## What you have to do
Only an exact repetition is needed: the lines from the start of the listing below through the line that contains "Karl is a Caucasian", pictures omitted.

─── Data to use

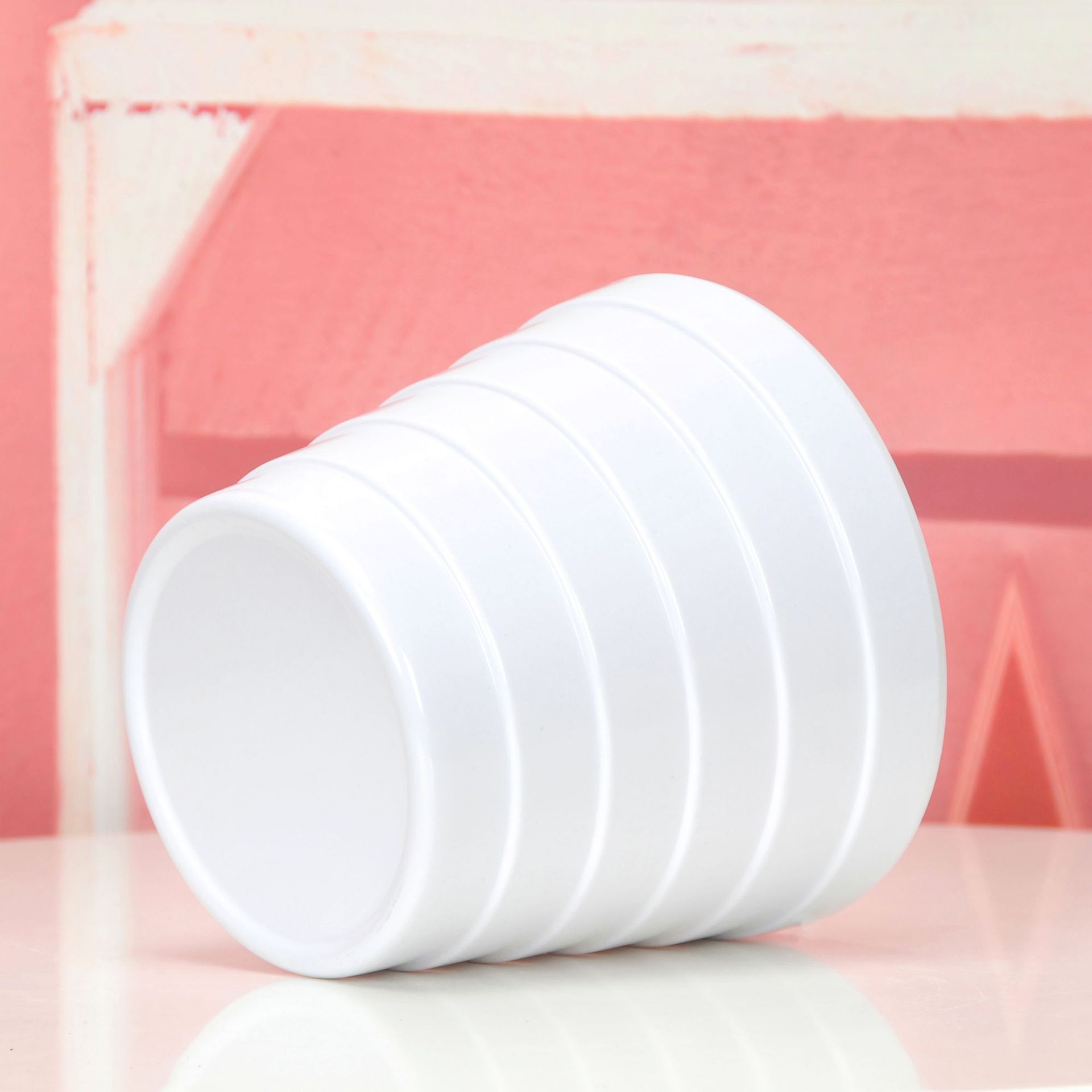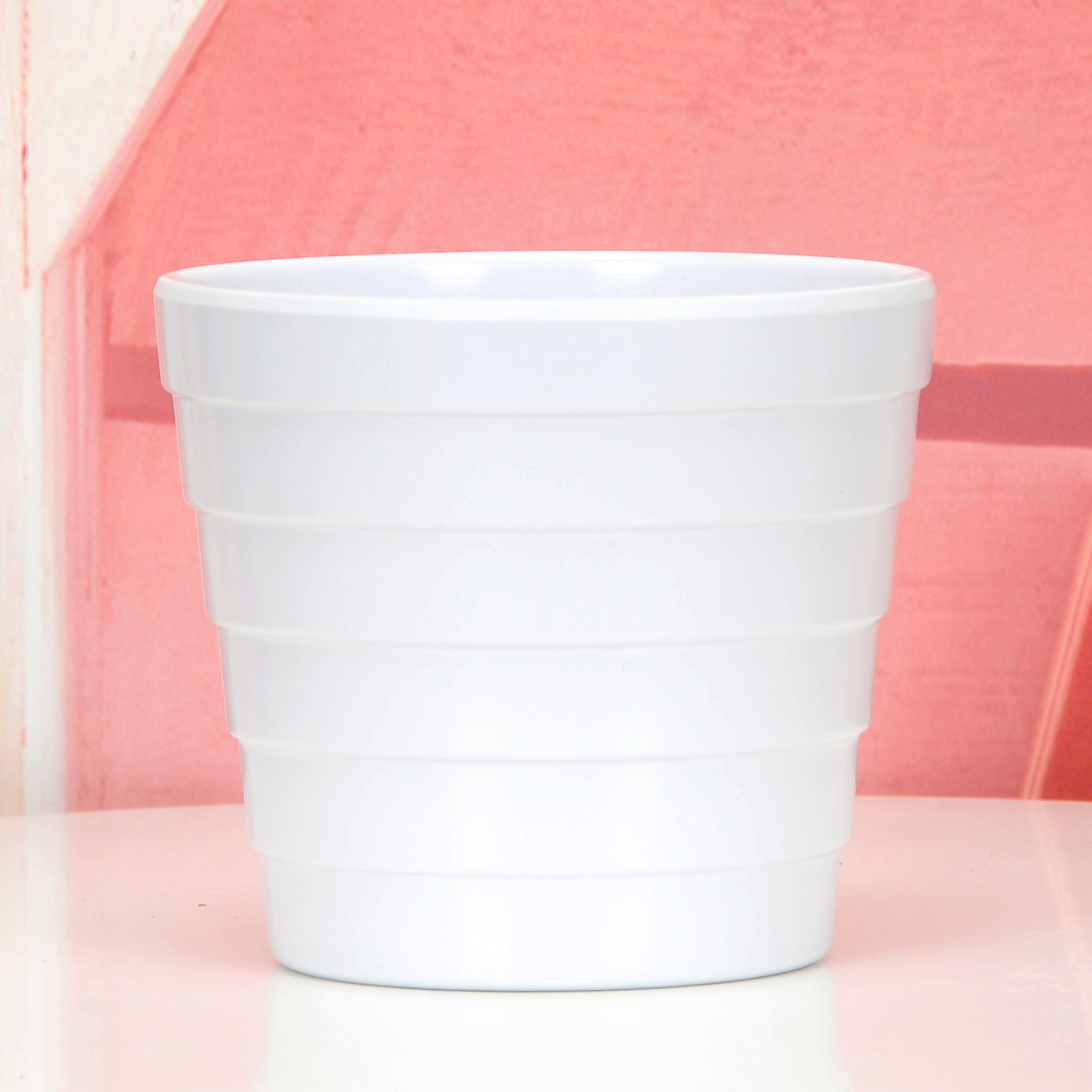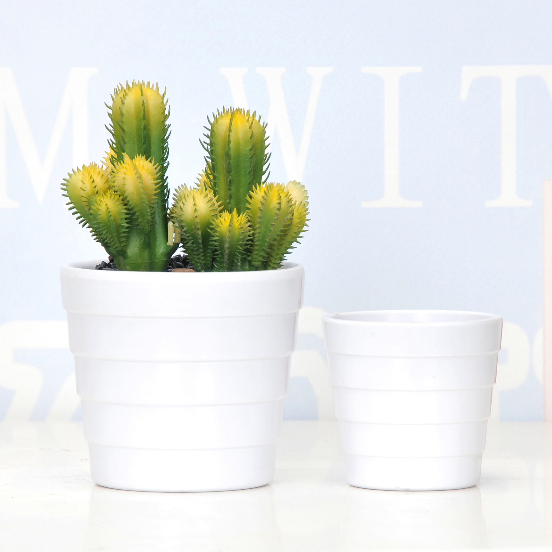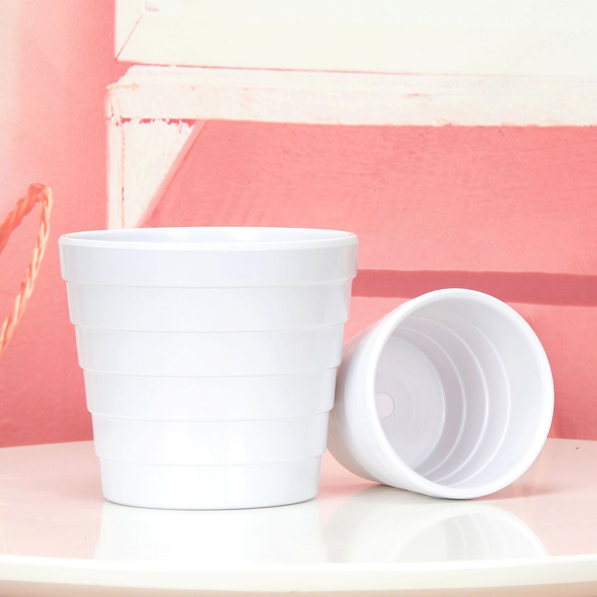 厂家直供批发敞口横条纹美耐皿密胺园艺花盆室内桌面仿真植物套盆
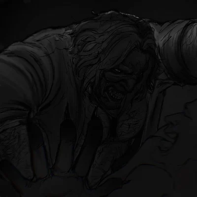 Karl is a Caucasian male with scared and tanned skin, he has dirty greyish hair and deep, glowing gold eyes. He has a light beard and sharp canine like fangs. He wears a black, flat Akubra, beige trench coat, dirty white button my shirt, dirty brown pants, and black boots. He also wears a pair of circular, black sunglasses on the regular. His personality can be described as cocky, aggressive, demanding, sadistic, clever and feral.
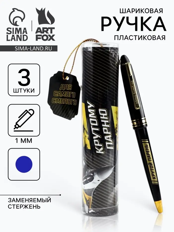 Ручка шариковая синяя паста в тубусе, набор 3 шт. «Для самого смелого»
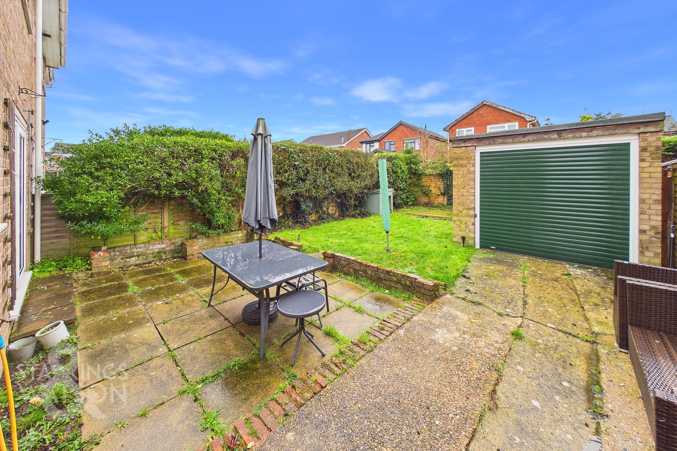 THE GREAT OUTDOORS Heading outside, the rear garden offers a fully enclosed space with hedge and fence boundaries, with a central lawn and two patio seating areas - offering an ideal outside entertaining space. The hard standing driveway continues at the side of the property, leading to the detached garage. The garage itself is accessed via an electric roller door to front with power and lighting installed.
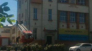După ce au început să se desprindă bucăţi din construcţie de la nivelul acoperişului (streaşină), au fost informaţi cei de la ISU Prahova, care s-au deplasat la faţa locului cu o automacara, pentru a lua primele măsuri şi a pune zona în siguranţă, interzicând circulaţia pe trotuar şi, pentru o perioadă, pe prima bandă a carosabilului . Când pompierii au acţionat cu o cange, au constatat că se desprind uşor bucăţi de tencuială şi în alte zone ale faţadei clădirii, dar şi din curtea interioară. Asta după ce, cu doar doi ani în urmă, şcoala a suferit importante lucrări de reparaţii.
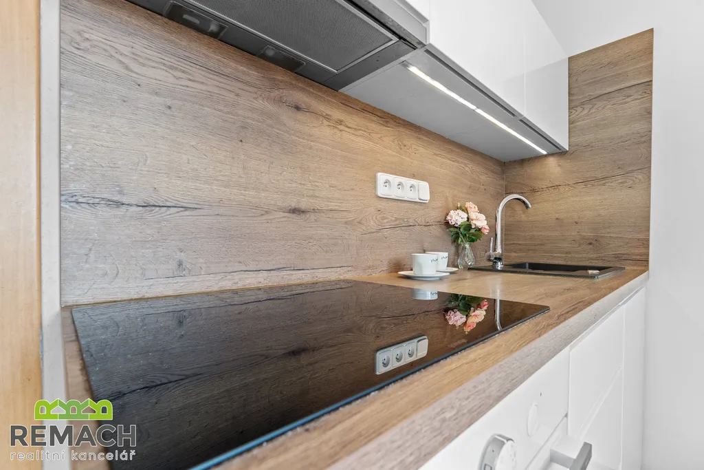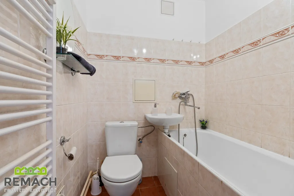 Cihlový, krásně zrekonstruovaný, byt o dispozici 1+1 o podlahové ploše 31 m², nacházející se ve druhém patře budovy, která je vzdálena jen kousek od centra Uherského Hradiště, přesněji 700 metrů chůzí na Masarykovo náměstí. V zádveří je šatní skříň a botník, dále vstup do koupelny s vanou, toaletou a topným žebříkem.

──────

## Answer space
 厂家直供批发敞口横条纹美耐皿密胺园艺花盆室内桌面仿真植物套盆
 Karl is a Caucasian male with scared and tanned skin, he has dirty greyish hair and deep, glowing gold eyes. He has a light beard and sharp canine like fangs. He wears a black, flat Akubra, beige trench coat, dirty white button my shirt, dirty brown pants, and black boots. He also wears a pair of circular, black sunglasses on the regular. His personality can be described as cocky, aggressive, demanding, sadistic, clever and feral.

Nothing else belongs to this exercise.